Added to EFO3. Duplication error remains. Will create new ticket to address this.
Stemming from my casual realization that there are 2 ‘dementia’ in EFO 3, one from HP and one from MONDO, with two significantly different lineages, see https://github.com/EBISPOT/efo/issues/15#issuecomment-425030574.
Duplicate labels may or may not cause errors; @zoependlington notes:
“I think there are two ways around this. a) We check for duplicate labels and that causes an error - as is the case in EFO 2 (although I found a duplicate that apparently has gone unnoticed for a while the other day), or b) In this case, we have two terms with the same label BUT one is a phenotype and one is a disease term - we briefly touched on this the other day when we had an impromptu meeting with Chris. I guess this is a good thing to bring up in the next meeting since it may be a case that we have phenotype terms that are actually disease terms that need fixing or we need to make a decision on how to handle this”.

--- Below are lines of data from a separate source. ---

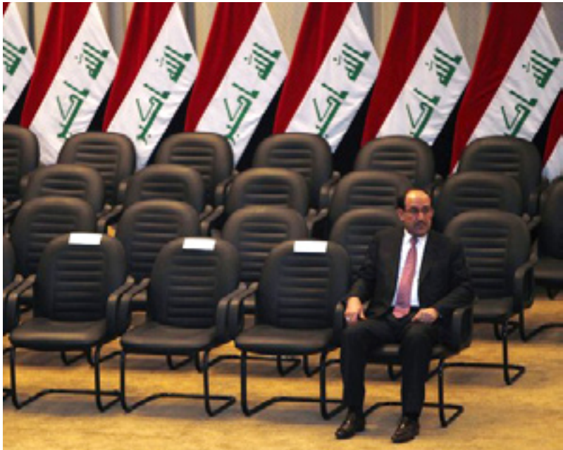
کورد ده‌توانی‌ت حکومه‌ته‌که‌ی مالیکی چۆڵ بکات

له‌ خالی (١٢)ی داواکارییه‌کانی ئینتیلافه کوردییه‌که‌دا، ئاماژه‌ به‌وه‌ دراوه‌ که‌ پۆیسته‌ پرۆسه‌ی پرچه‌ککردن و ئاماده‌کردن و پارهدارکردنی پاسه‌وانی سنووری هه‌ریم (پێشمه‌رگه) وه‌ک به‌شیک له‌ سیستمی به‌رگری نیشتمانی عێراق لێبکریت، به‌لام له‌ میتۆدی حکومه‌ته‌ نوێکه‌یدا، مالیکی ئاماژه‌ی به‌ هه‌نگاویکی له‌و جۆره‌ نه‌کردوو که‌ تایبه‌ت بێت به‌ پێشمه‌رگه‌ی ئاماژه‌ی به‌وه‌داوه‌ که‌ کارده‌کات بۆ بونیادانه‌وه‌ی هه‌زه‌ چه‌کداره‌کان له‌سه‌ر بنه‌مای پرۆفیشنالی به‌دوور له‌ ئینتیمای به‌رته‌سکو جه‌ختی له‌سه‌ر ئه‌وه‌شکردوو ته‌وه‌ که‌ ده‌بیت چه‌ک ته‌نیا به‌ده‌ستی ده‌ولت بێت و ریگه‌ به‌ هیچ چالاکیه‌کی ئه‌مینی ناردیت له‌لایه‌ن هه‌ر لایه‌نیکه‌وه‌ ئه‌نجامبدریت و ریگه‌ش ناردیت ده‌زگا ئه‌مینییه‌کان به‌ سیاسی بکریت، لێره‌شه‌وه‌ ئه‌گه‌ری ئه‌وه‌ هه‌یه‌ که‌ مالیکی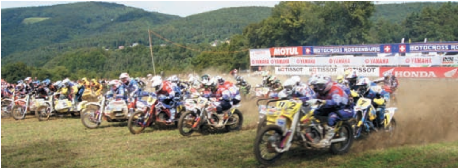
Start in Roggenburg

Par un temps ensoleillé et devant une belle coulisse de spectateurs, les organisateurs du MC Roggenburg peuvent se réjouir du succès d'une belle manche de championnat du monde de side-cars. 42 équipes de 12 nations ont présenté leurs machines aux commissaires techniques de la FIM et de la FMS.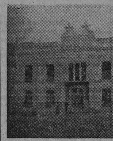
Fachada del nuevo Ayuntamiento. Al lado, el cuartel de Falange.

Pueblo de la Serena que, como toda la Serena, hasta el único grano de tierra de sus confines dispone de hombres capaces, honrados, libres de toda ligadura espiritual que pudiera conducirlos a la torpeza o a la claudicación; hombres forjados en la dura manigua del agro extremeño, en el que el pesado azadón que empuña experto y silencioso el rudo bracero sólo hallará descanso en su continuo trajín cotidiano cuando el toque del Angelus le levanta el corazón y le inspira el deseo emocional de clavar la rodilla en la tierra que le da generosa el pan bendito.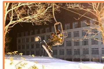
ナイトスキーは貸し切り 存分に滑れて満足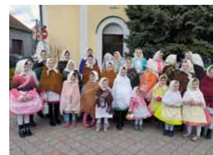
Děvčata před obchůzkou na Smrtnici

Po dlouhých dvou letech, kdy nám covidové šílenství bránilo setkávat se s kamarády, přáteli či známými, jsme se mohli setkat na skvělém tradičním pyžamovém plese dobrovolných hasičů v Josefově. Účastníci si přišli na své, vynikající DJ navodil neskutečně skvělou atmosféru, taneční parket byl neustále zaplněn až do ranních hodin. „Ještěže se nemusím svlékat až přijdu domů, mám pyžamo, jdu rovnou do postele. Za měsíc jsme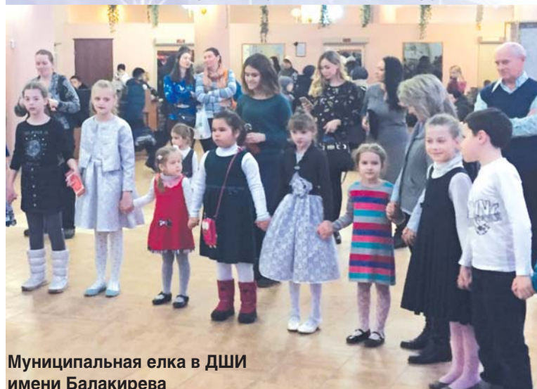
Муниципальная елка в ДШИ имени Балакирева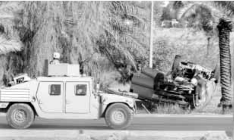
■ دبابة أمريكية تمر بجانب سيارة محطمة أمس في ضواحي بغداد...

وقالت مصادر أمنية في قطاع غزة إن دبابة إسرائيلية أطلقت قذيفة صاروخية باتجاه دبابة فلسطينية في قطاع غزة.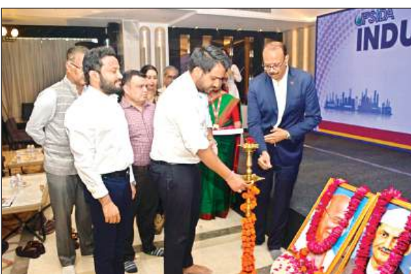
दीप जलाकर उद्घाटन करते उद्यमी।

औद्योगिक, वाणिज्यिक व आवासीय उपयोग के लिए मिलेगा सुनियोजित बुनियादी ढांचा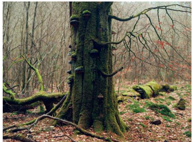
10_Friedrichsruh, Sachsenwald, 2016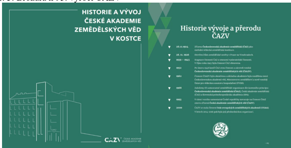
Obr. 5: Brožura k 95. výročí ČAZV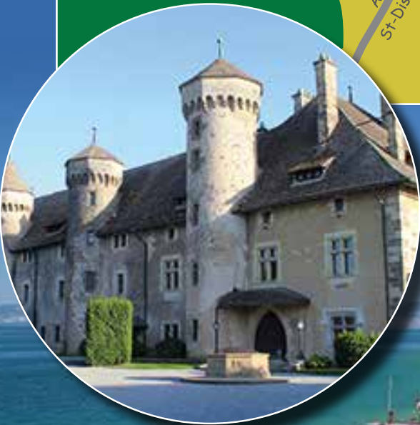
Château de Ripaille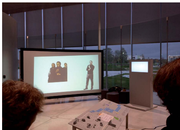
Muséomix en Nord au Louvre-Lens

Durant le stage, il n'est pas rare que les missions évoluent du fait des circonstances, des aléas, des opportunités. Ceci n'est pas problématique, si l'on peut le formaliser en toute connaissance de cause. En revanche, le cahier des charges établi précédemment pourra servir de repères pour s'y reporter en cas de dérives des parties prenantes. Cela permet d'éviter le stage aux promesses extraordinaires qui se réduisent progressivement aux photocopies et à la machine à café ! Cette vision caricaturale n'est pas citée par hasard, mais parce que le stagiaire a été trop souvent mal choisi ou que le stage a été insuffisamment préparé. Préparer un stage est un travail, qui sera d'autant plus satisfaisant qu'on l'aura accompli de part et d'autre avec sérieux.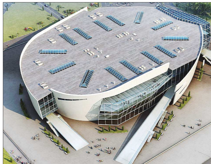
В июле 2014 года в построенной «УГМК-холдингом» в Сочи ледовой арене «Шайба» открылся Всероссийский детский спортивно-оздоровительный центр

Место: Олимпийский парк. Владелец: Центр «Омега». Стоимость строительства: 32,8 миллиона долларов. Построен: 2012. Вместимость: 8 000. Что проходило: соревнования по конькобежному спорту.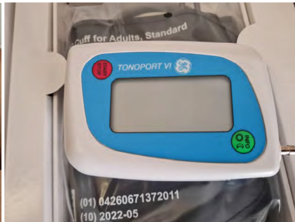
ABPM készülék (7 darab)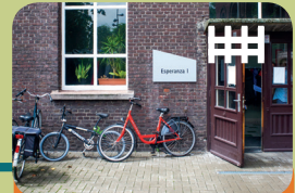
Long-Care Unit Long-Treatment Unit Esperanza 1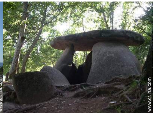
Zonas atractivas y relajación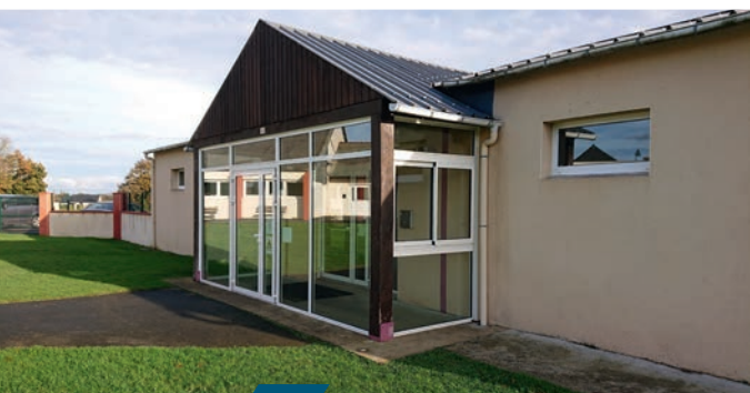
Création d'un SAS à la garderie

Either way, it looks like the identification of duplicate labels might not be failproof at this stage and might benefit from looking more closely in case there are more. @zoependlington kindly volunteered to generate a list of type b) above with a SPARQL query and copy it here.
Note: in the case of 'dementia', the duplicate labels are identical; but there may be cases where labels differ in capitalisation or presence/absence of hyphens.